Environment variables are not secrets management. They're slightly better than hardcoding. A real secrets management system has: rotation, audit logs, fine-grained access control, and automatic expiry. SECRET_KEY=abc123 in a .env file has none of these.
Blast radius is a design decision. When you design your service boundaries, you are also designing the blast radius of a compromise. Small, well-isolated services with narrow permissions limit what an attacker can do after they get in.
The attack surface of a distributed system is larger than a monolith, not smaller. Every network hop, every queue, every config file, every dependency is a potential entry point. Microservices do not improve your security posture by default — they often make it worse.
Here's a story that plays out at almost every company.
A team builds a new service. It's a data processing pipeline — nothing fancy. The service reads from a database, does some computation, writes results to a queue. The team is focused on performance and correctness. They ship it. It works. Six months later, a security engineer does an audit and finds that the service has full read/write access to every table in the database, the queue accepts messages from any source with no authentication, the service logs contain customer PII, and the service's API key is stored in a config file checked into the git repository.

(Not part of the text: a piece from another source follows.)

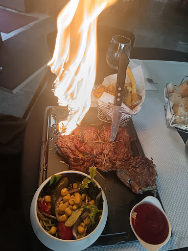 Il a fallu environ vingt minutes pour que nos plats soient servis, alors que le restaurant était presque vide. Pour le burger, c'était la catastrophe : nous l'avons dû renvoyer en cuisine, car le pain était cramé et dur comme du béton, la viande présentait également des problèmes et les frites étaient mal cuites. Quant à mon plat, j’ai eu trois viandes dans une assiette accompagnées d'un bol pour la sauce et les légumes, avec de la semoule servie à part. La viande était gelée, le poulet froid et mal cuit, la merguez semblait être la seule viande du jour et la viande rouge était froide, assurément pas du jour !
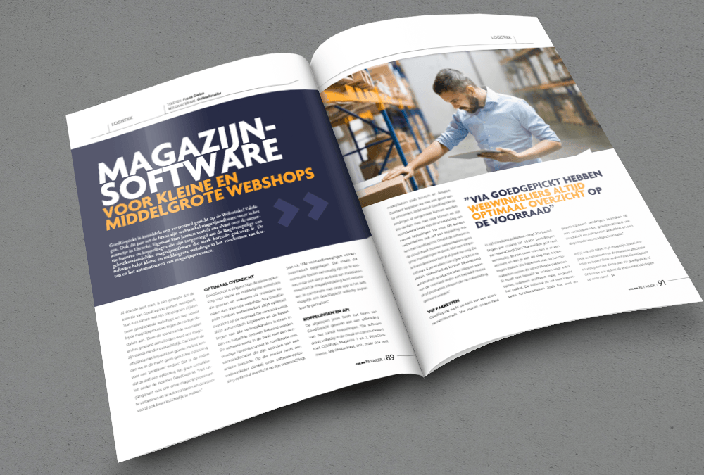 GoedGepickt webwinkel magazijnsoftware ondersteunt webwinkeliers bij het automatiseren en professionaliseren van magazijnprocessen. Beheer eenvoudig je voorraad, pick producten foutloos en verwerk bestellingen sneller. Dankzij koppelingen met alle belangrijke verkoop- en verzendkanalen bespaar je tijd, voorkom je fouten en maak je je logistiek toekomst bestendig. Wij vertellen meer over deze koppelingen, maar onze partners en koppelingen vertellen ook iets over ons. Dat niet alleen, we zijn ook in de media te zien! We laten je graag weten waar wij te zien zijn geweest, kijk met ons mee!

None of this was malicious. Nobody made a decision to be insecure. Security just wasn't part of the design conversation. It was assumed to be "the security team's problem" or "something we'll deal with before GA."
The hard truth is: once a system is built this way, you can't fix it with a security patch. You have to redesign it. The service's access model is baked into its architecture. The logging format is used by three other systems that parse the logs. The API key rotation would require coordinated changes across six services.

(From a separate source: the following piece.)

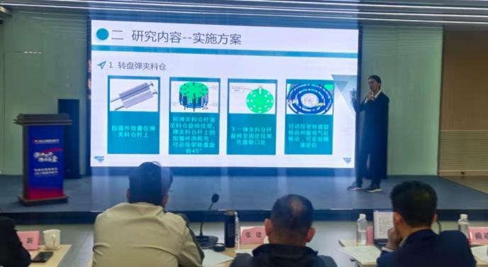 为解决天津海尔洗涤电器有限公司的箱体铆接自动化生产线目前存在工作强度大、劳动负荷大、自动化程度低、人工成本高等问题的产教融合比赛命题,机电学院成立精益自动化项目组。为有效解决上述问题,项目组成员从转盘弹夹料仓、依次落料、输送送料和90°升降吸盘抓取四个角度出发,设计一套箱体铆接加强筋自动化上料系统。(来源:双创学院)

Security added after the fact is expensive not because the security work is hard, but because it requires undoing architectural decisions that other parts of the system have built on top of. The later you add it, the more you're paying to undo.

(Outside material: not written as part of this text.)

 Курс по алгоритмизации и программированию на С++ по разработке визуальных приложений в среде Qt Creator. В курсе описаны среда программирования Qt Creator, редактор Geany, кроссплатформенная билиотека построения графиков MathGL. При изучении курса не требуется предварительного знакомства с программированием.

This is what it means to say security is a constraint, not a feature. A feature can be added to a working system. A constraint shapes the design of the system before a single line of code is written.
Threat modeling sounds intimidating. It sounds like something that requires a team of security specialists, a special framework, and several weeks of workshops. It doesn't. At its core, threat modeling is just four questions asked in order.
1. What are we building?
Before you can think about what can go wrong, you need a clear picture of what you're building. This is a diagram showing the components of your system and how data moves between them. Every box is an asset. Every arrow is a potential attack vector. You're looking for places where data crosses a trust boundary — from the internet to your network, from one service to another, from a service to a database.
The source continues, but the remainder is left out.